Dysregulated Irritability as a Window on Young Children's Psychiatric Risk: Transdiagnostic Effects via the Family Check-Up

Affiliations
Randomized Controlled Trial

Dysregulated Irritability as a Window on Young Children's Psychiatric Risk: Transdiagnostic Effects via the Family Check-Up

Justin D Smith et al. Dev Psychopathol. 2019 Dec.

Abstract

Building on prior work using Tom Dishion's Family Check-Up, the current article examined intervention effects on dysregulated irritability in early childhood. Dysregulated irritability, defined as reactive and intense response to frustration, and prolonged angry mood, is an ideal marker of neurodevelopmental vulnerability to later psychopathology because it is a transdiagnostic indicator of decrements in self-regulation that are measurable in the first years of life that have lifelong implications for health and disease. This study is perhaps the first randomized trial to examine the direct effects of an evidence- and family-based intervention, the Family Check-Up (FCU), on irritability in early childhood and the effects of reductions in irritability on later risk of child internalizing and externalizing symptomatology.

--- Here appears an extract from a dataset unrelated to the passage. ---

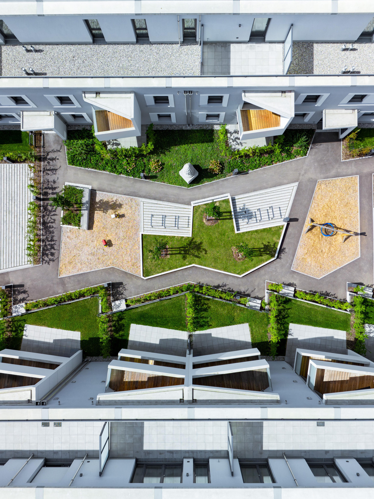 One-sided bevelled reveals at the window openings generate differently shimmering light in the facades depending on the position of the sun. The play of twists and angles is continued in the outdoor facilities through sawtooth-arranged hedges of the private gardens and path bends.

Data from the geographically and sociodemographically diverse multisite Early Steps randomized prevention trial were used. Path modeling revealed intervention effects on irritability at age 4, which predicted lower externalizing and internalizing symptoms at age 10.5. Results indicate that family-based programs initiated in early childhood can reduce early childhood irritability and later risk for psychopathology. This holds promise for earlier identification and prevention approaches that target transdiagnostic pathways. Implications for future basic and prevention research are discussed.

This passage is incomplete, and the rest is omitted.